Segment Start: Data to use

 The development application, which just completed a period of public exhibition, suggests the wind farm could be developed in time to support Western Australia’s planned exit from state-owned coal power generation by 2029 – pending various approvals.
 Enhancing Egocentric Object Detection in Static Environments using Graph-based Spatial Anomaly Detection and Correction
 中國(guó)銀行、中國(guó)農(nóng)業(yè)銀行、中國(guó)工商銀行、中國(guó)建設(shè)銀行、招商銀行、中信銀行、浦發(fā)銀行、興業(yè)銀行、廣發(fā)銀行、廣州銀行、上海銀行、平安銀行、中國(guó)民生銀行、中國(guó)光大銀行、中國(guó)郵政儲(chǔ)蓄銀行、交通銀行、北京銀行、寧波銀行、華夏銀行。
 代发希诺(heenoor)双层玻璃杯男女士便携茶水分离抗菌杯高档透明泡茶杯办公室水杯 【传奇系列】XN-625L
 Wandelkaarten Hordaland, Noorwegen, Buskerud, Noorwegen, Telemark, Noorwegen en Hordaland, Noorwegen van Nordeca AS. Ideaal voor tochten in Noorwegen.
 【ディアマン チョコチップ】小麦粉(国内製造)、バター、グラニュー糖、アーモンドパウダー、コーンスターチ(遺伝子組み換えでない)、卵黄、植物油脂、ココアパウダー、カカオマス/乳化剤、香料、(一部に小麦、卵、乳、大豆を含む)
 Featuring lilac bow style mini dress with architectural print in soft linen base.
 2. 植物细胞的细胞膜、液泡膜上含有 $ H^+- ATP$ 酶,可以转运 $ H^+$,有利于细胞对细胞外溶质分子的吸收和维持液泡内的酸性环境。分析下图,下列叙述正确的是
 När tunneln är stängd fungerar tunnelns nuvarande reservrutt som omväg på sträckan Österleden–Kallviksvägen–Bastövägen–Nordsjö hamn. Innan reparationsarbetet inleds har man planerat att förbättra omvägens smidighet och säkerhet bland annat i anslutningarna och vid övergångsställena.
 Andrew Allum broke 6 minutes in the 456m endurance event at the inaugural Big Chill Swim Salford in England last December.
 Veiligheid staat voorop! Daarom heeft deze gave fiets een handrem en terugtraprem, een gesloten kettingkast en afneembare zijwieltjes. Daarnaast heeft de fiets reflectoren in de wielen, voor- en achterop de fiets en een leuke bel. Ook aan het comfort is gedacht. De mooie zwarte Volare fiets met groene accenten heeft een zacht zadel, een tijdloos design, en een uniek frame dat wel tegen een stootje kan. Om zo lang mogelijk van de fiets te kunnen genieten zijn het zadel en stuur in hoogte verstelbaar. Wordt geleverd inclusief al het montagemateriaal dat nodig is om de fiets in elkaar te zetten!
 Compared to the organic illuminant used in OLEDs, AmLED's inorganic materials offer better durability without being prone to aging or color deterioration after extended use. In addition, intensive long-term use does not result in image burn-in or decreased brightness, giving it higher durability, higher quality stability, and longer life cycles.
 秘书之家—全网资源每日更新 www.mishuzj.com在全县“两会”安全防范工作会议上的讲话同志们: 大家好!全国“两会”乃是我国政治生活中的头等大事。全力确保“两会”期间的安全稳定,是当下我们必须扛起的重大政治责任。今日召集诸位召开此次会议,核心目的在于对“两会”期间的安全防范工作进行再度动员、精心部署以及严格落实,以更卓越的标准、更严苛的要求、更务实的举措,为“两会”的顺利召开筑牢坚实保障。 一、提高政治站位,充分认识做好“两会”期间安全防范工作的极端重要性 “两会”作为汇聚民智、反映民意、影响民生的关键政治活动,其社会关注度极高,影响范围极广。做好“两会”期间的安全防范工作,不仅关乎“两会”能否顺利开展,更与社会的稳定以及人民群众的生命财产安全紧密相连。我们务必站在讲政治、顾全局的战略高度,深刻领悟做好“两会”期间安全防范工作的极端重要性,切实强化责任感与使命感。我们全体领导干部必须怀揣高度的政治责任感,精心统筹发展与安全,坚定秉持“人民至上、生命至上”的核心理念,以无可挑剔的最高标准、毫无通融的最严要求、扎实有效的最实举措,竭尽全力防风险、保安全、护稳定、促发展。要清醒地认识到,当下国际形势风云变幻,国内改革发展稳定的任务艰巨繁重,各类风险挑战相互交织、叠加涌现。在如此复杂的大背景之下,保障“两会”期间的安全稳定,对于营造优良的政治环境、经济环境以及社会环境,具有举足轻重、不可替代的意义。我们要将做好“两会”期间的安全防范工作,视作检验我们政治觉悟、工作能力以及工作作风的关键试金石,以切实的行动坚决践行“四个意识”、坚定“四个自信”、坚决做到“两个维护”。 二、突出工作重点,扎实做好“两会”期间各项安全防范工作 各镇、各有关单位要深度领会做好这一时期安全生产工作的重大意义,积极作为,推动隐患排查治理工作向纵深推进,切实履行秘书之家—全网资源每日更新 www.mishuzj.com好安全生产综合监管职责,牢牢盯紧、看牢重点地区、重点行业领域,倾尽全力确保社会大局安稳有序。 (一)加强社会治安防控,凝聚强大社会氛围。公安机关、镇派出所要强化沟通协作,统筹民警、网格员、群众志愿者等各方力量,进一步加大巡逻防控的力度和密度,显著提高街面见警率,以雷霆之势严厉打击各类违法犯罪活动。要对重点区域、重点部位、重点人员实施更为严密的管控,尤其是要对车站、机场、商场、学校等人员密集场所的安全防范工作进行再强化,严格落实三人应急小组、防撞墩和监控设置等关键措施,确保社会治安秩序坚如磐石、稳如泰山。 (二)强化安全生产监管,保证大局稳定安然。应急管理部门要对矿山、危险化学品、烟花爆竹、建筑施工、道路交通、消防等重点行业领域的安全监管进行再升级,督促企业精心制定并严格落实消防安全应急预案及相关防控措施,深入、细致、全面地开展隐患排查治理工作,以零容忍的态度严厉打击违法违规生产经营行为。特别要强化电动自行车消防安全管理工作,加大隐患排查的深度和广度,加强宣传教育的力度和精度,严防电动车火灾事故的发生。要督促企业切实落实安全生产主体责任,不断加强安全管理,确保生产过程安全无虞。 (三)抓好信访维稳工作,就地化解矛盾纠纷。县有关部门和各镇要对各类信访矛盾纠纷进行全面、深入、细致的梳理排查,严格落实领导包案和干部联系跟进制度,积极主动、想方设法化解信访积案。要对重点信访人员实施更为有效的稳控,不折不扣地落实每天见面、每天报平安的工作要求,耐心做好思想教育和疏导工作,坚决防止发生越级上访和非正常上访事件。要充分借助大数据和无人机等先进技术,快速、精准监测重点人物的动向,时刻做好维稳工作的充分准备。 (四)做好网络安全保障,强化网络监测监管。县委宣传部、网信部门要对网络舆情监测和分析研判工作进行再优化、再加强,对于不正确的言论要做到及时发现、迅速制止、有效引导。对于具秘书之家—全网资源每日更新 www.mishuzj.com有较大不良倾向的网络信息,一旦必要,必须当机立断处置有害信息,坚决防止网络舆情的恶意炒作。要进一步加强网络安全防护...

Segment End: Data to use

Each entry above needs to be output exactly.

> _Completed exercise_:
 The development application, which just completed a period of public exhibition, suggests the wind farm could be developed in time to support Western Australia’s planned exit from state-owned coal power generation by 2029 – pending various approvals.
 Enhancing Egocentric Object Detection in Static Environments using Graph-based Spatial Anomaly Detection and Correction
 中國(guó)銀行、中國(guó)農(nóng)業(yè)銀行、中國(guó)工商銀行、中國(guó)建設(shè)銀行、招商銀行、中信銀行、浦發(fā)銀行、興業(yè)銀行、廣發(fā)銀行、廣州銀行、上海銀行、平安銀行、中國(guó)民生銀行、中國(guó)光大銀行、中國(guó)郵政儲(chǔ)蓄銀行、交通銀行、北京銀行、寧波銀行、華夏銀行。
 代发希诺(heenoor)双层玻璃杯男女士便携茶水分离抗菌杯高档透明泡茶杯办公室水杯 【传奇系列】XN-625L
 Wandelkaarten Hordaland, Noorwegen, Buskerud, Noorwegen, Telemark, Noorwegen en Hordaland, Noorwegen van Nordeca AS. Ideaal voor tochten in Noorwegen.
 【ディアマン チョコチップ】小麦粉(国内製造)、バター、グラニュー糖、アーモンドパウダー、コーンスターチ(遺伝子組み換えでない)、卵黄、植物油脂、ココアパウダー、カカオマス/乳化剤、香料、(一部に小麦、卵、乳、大豆を含む)
 Featuring lilac bow style mini dress with architectural print in soft linen base.
 2. 植物细胞的细胞膜、液泡膜上含有 $ H^+- ATP$ 酶,可以转运 $ H^+$,有利于细胞对细胞外溶质分子的吸收和维持液泡内的酸性环境。分析下图,下列叙述正确的是
 När tunneln är stängd fungerar tunnelns nuvarande reservrutt som omväg på sträckan Österleden–Kallviksvägen–Bastövägen–Nordsjö hamn. Innan reparationsarbetet inleds har man planerat att förbättra omvägens smidighet och säkerhet bland annat i anslutningarna och vid övergångsställena.
 Andrew Allum broke 6 minutes in the 456m endurance event at the inaugural Big Chill Swim Salford in England last December.
 Veiligheid staat voorop! Daarom heeft deze gave fiets een handrem en terugtraprem, een gesloten kettingkast en afneembare zijwieltjes. Daarnaast heeft de fiets reflectoren in de wielen, voor- en achterop de fiets en een leuke bel. Ook aan het comfort is gedacht. De mooie zwarte Volare fiets met groene accenten heeft een zacht zadel, een tijdloos design, en een uniek frame dat wel tegen een stootje kan. Om zo lang mogelijk van de fiets te kunnen genieten zijn het zadel en stuur in hoogte verstelbaar. Wordt geleverd inclusief al het montagemateriaal dat nodig is om de fiets in elkaar te zetten!
 Compared to the organic illuminant used in OLEDs, AmLED's inorganic materials offer better durability without being prone to aging or color deterioration after extended use. In addition, intensive long-term use does not result in image burn-in or decreased brightness, giving it higher durability, higher quality stability, and longer life cycles.
 秘书之家—全网资源每日更新 www.mishuzj.com在全县“两会”安全防范工作会议上的讲话同志们: 大家好!全国“两会”乃是我国政治生活中的头等大事。全力确保“两会”期间的安全稳定,是当下我们必须扛起的重大政治责任。今日召集诸位召开此次会议,核心目的在于对“两会”期间的安全防范工作进行再度动员、精心部署以及严格落实,以更卓越的标准、更严苛的要求、更务实的举措,为“两会”的顺利召开筑牢坚实保障。 一、提高政治站位,充分认识做好“两会”期间安全防范工作的极端重要性 “两会”作为汇聚民智、反映民意、影响民生的关键政治活动,其社会关注度极高,影响范围极广。做好“两会”期间的安全防范工作,不仅关乎“两会”能否顺利开展,更与社会的稳定以及人民群众的生命财产安全紧密相连。我们务必站在讲政治、顾全局的战略高度,深刻领悟做好“两会”期间安全防范工作的极端重要性,切实强化责任感与使命感。我们全体领导干部必须怀揣高度的政治责任感,精心统筹发展与安全,坚定秉持“人民至上、生命至上”的核心理念,以无可挑剔的最高标准、毫无通融的最严要求、扎实有效的最实举措,竭尽全力防风险、保安全、护稳定、促发展。要清醒地认识到,当下国际形势风云变幻,国内改革发展稳定的任务艰巨繁重,各类风险挑战相互交织、叠加涌现。在如此复杂的大背景之下,保障“两会”期间的安全稳定,对于营造优良的政治环境、经济环境以及社会环境,具有举足轻重、不可替代的意义。我们要将做好“两会”期间的安全防范工作,视作检验我们政治觉悟、工作能力以及工作作风的关键试金石,以切实的行动坚决践行“四个意识”、坚定“四个自信”、坚决做到“两个维护”。 二、突出工作重点,扎实做好“两会”期间各项安全防范工作 各镇、各有关单位要深度领会做好这一时期安全生产工作的重大意义,积极作为,推动隐患排查治理工作向纵深推进,切实履行秘书之家—全网资源每日更新 www.mishuzj.com好安全生产综合监管职责,牢牢盯紧、看牢重点地区、重点行业领域,倾尽全力确保社会大局安稳有序。 (一)加强社会治安防控,凝聚强大社会氛围。公安机关、镇派出所要强化沟通协作,统筹民警、网格员、群众志愿者等各方力量,进一步加大巡逻防控的力度和密度,显著提高街面见警率,以雷霆之势严厉打击各类违法犯罪活动。要对重点区域、重点部位、重点人员实施更为严密的管控,尤其是要对车站、机场、商场、学校等人员密集场所的安全防范工作进行再强化,严格落实三人应急小组、防撞墩和监控设置等关键措施,确保社会治安秩序坚如磐石、稳如泰山。 (二)强化安全生产监管,保证大局稳定安然。应急管理部门要对矿山、危险化学品、烟花爆竹、建筑施工、道路交通、消防等重点行业领域的安全监管进行再升级,督促企业精心制定并严格落实消防安全应急预案及相关防控措施,深入、细致、全面地开展隐患排查治理工作,以零容忍的态度严厉打击违法违规生产经营行为。特别要强化电动自行车消防安全管理工作,加大隐患排查的深度和广度,加强宣传教育的力度和精度,严防电动车火灾事故的发生。要督促企业切实落实安全生产主体责任,不断加强安全管理,确保生产过程安全无虞。 (三)抓好信访维稳工作,就地化解矛盾纠纷。县有关部门和各镇要对各类信访矛盾纠纷进行全面、深入、细致的梳理排查,严格落实领导包案和干部联系跟进制度,积极主动、想方设法化解信访积案。要对重点信访人员实施更为有效的稳控,不折不扣地落实每天见面、每天报平安的工作要求,耐心做好思想教育和疏导工作,坚决防止发生越级上访和非正常上访事件。要充分借助大数据和无人机等先进技术,快速、精准监测重点人物的动向,时刻做好维稳工作的充分准备。 (四)做好网络安全保障,强化网络监测监管。县委宣传部、网信部门要对网络舆情监测和分析研判工作进行再优化、再加强,对于不正确的言论要做到及时发现、迅速制止、有效引导。对于具秘书之家—全网资源每日更新 www.mishuzj.com有较大不良倾向的网络信息,一旦必要,必须当机立断处置有害信息,坚决防止网络舆情的恶意炒作。要进一步加强网络安全防护...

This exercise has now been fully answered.